STAMPS.COM REPORTS SECOND QUARTER 2001 FINANCIAL RESULTS

 

Company reports 133% growth in postage business revenue over second quarter 2000, with 65% gross margin and narrowed losses

SANTA MONICA, Calif. – July 12, 2001 – Stamps.com(TM) (Nasdaq: STMP) today announced that revenue in the second quarter of 2001 was $5.1 million. Second quarter 2001 gross margin was 65% compared to 39% in the first quarter 2001. Second quarter cash net loss from continuing operations was $5.2 million, which excludes non-cash charges, restructuring and write down charges and loss related to the sale of iShip. On a per share basis, the equivalent continuing operations loss for the second quarter 2001 was $0.10 per share based on the weighted average common shares outstanding of 49.4 million. Cash and short-term investments as of June 30, 2001 was $197.6 million, or $4.00 per weighted average share.

“We have done a tremendous job of cutting costs over the last couple of quarters, greatly improving our bottom line,” said CEO Bruce Coleman. “Our focus now is on growing our top line profitably through growing our core Internet Postage business, adding revenue streams with current customers, and finding new customer segments.”
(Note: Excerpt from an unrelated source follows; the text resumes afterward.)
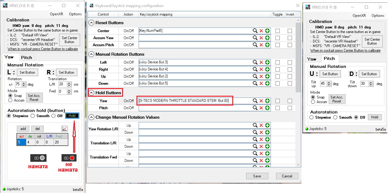 72AG_Olega Опубликовано: 1 декабря 2024 Опубликовано: 1 декабря 2024 Парни! Сегодня заморочился сделать в VR себе "Приближение к прицелу" как в старичке. Вроде получилось. Я использую довороты по кнопкам + теперь добавилось приближение к прицелу. Особенно удобно стало на Миг-3! (у него пилот далеко от прицела сидит). Скриншот прикрепляю. Суть: передняя зона шириной в 10 градусов используется как граница переключения, - внутри неё нет приближения, вне её +20 см вперед смещение пилота. Чтобы срабатывание было когда мне нужно, назначаю кнопку на Hold(заморозка). Кнопка должна быть обратного действия, т.е. если она не нажата, то она включена, если нажата, то выключена. (у меня ГФ4, там это сделать не сложно). Небольшим поворотом головы (а при слежении за целью в вираже даже и поворачивать дополнительно не нужно и так > 5 градусов получается) и нажатием кнопки я включаю приближение к прицелу, кнопку тут же отпускаю и положение FW=+20см фиксируется - видны все кольца! Чтобы вернуться в обычное положение ставлю голову прямо и жмакаю эту же кнопу, а затем отпускаю. Сегодня на миге опробовал, - понравилось. Единственный нюанс, вернуться в обычное по FW положение можно только в этой зоне и кратко нажатой кнопке (но я практически привык за один вылет против 10 ботов, появляющихся последовательно). 2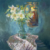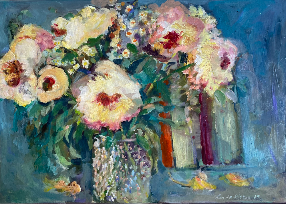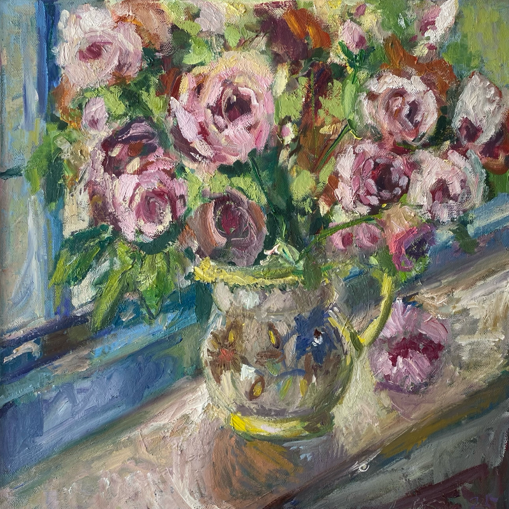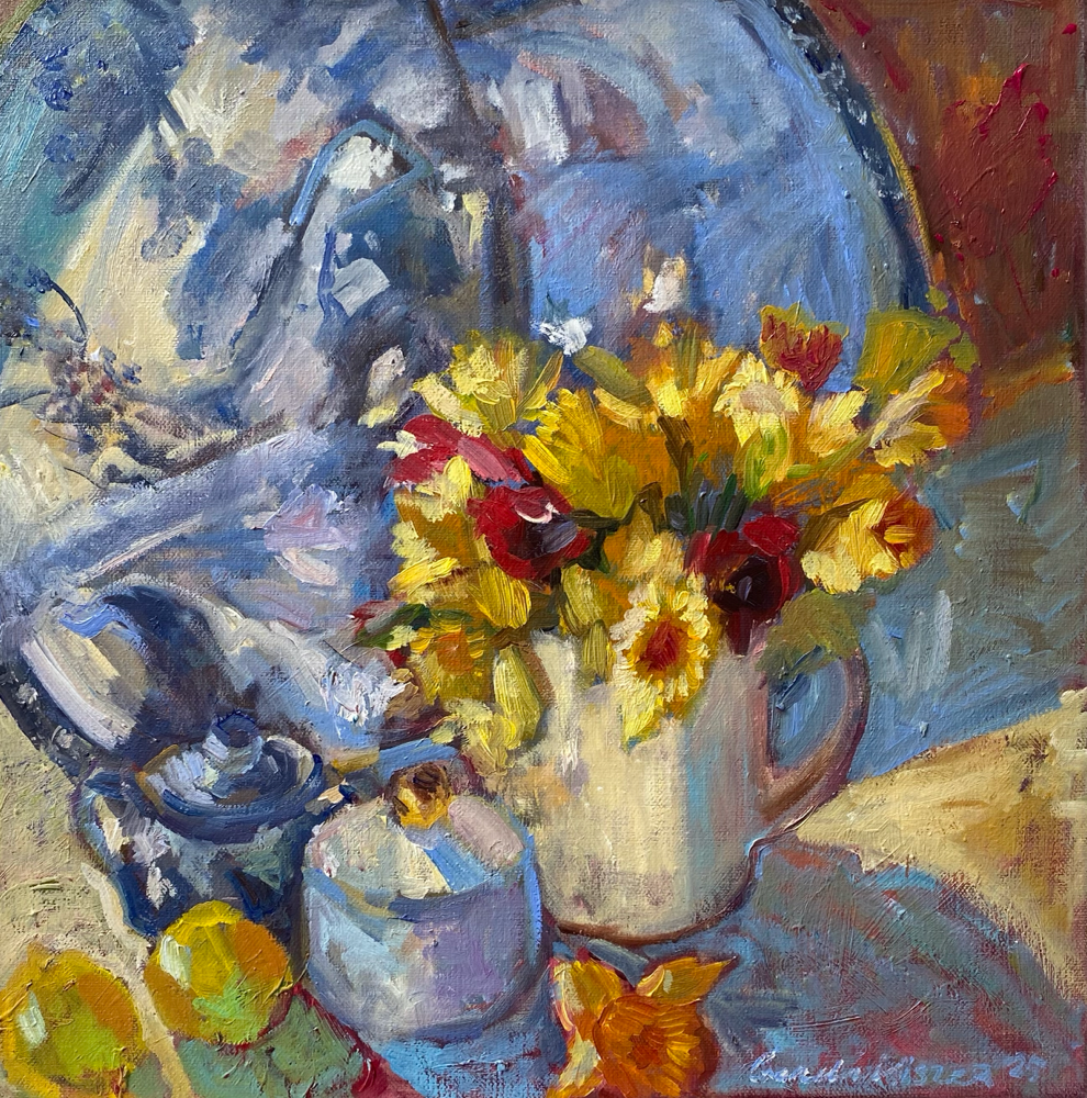 Mijn stillevens zijn rijk van compositie en vol van kleur, contrast en gelaagdheid. Bloemen in volle bloei of juist op het punt van van verwelken, een kopje, een vaas, stoffen, fruit, met zorg gekozen en met aandacht geschikt. deze schilderijen nodigen uit tot langer kijken en belonen je met details die pas later opvallen.

Stamps.com acquired 43,000 gross customers and ended the quarter at 307,000 active customers. For the second quarter 2001, total sales and marketing expenditures were $2.9 million compared with $4.3 million in the first quarter of 2001, and gross customer acquisition cost including promotional costs for the second quarter was $86. Cash burn for the second quarter was approximately $4 million, excluding one-time and unusual items such as restructuring charges, asset purchases, and contract settlements.

Revenue guidance for 2001 has slightly decreased from $23 million to $22 million. Gross margin is expected to be slightly less than 60% for the year, up from original expectations of 50%. Total sales and marketing spend will be $14 million, slightly less than previous guidance. The revenue expectations for 2002 have been reduced to $29 million, and the company now expects to be cash flow positive from continuing operations in the second quarter of 2002.

About Stamps.com

Stamps.com (Nasdaq: STMP) is the leading provider of Internet-based postage services. Its flagship product, Stamps.com Internet Postage, enables customers to print U.S. Postal Service-approved postage via a computer and Internet connection. Based in Santa Monica, California, Stamps.com serves more than 300,000 customers.

“Safe Harbor” Statement under the Private Securities Litigation Reform Act of 1995: This release may contain forward-looking statements that involve risks and uncertainties. Important factors, including the company’s ability to achieve profitability, which could cause actual results to differ materially from those in the forward-looking statements, are detailed in filings with the Securities and Exchange Commission made from time to time by Stamps.com, including its annual report on Form 10-K for the fiscal year ended December 31, 2000, its quarterly report on Form 10-Q for the fiscal quarter ending March 31, 2001, and its Current Reports on Form 8-K/A. Stamps.com undertakes no obligation to release publicly any revisions to any forward- looking statements to reflect events or circumstances after the date hereof or to reflect the occurrence of unanticipated events.

Stamps.com, E-Stamp, and the Stamps.com logo are trademarks of Stamps.com Inc. All other brands and names are property of their respective owners.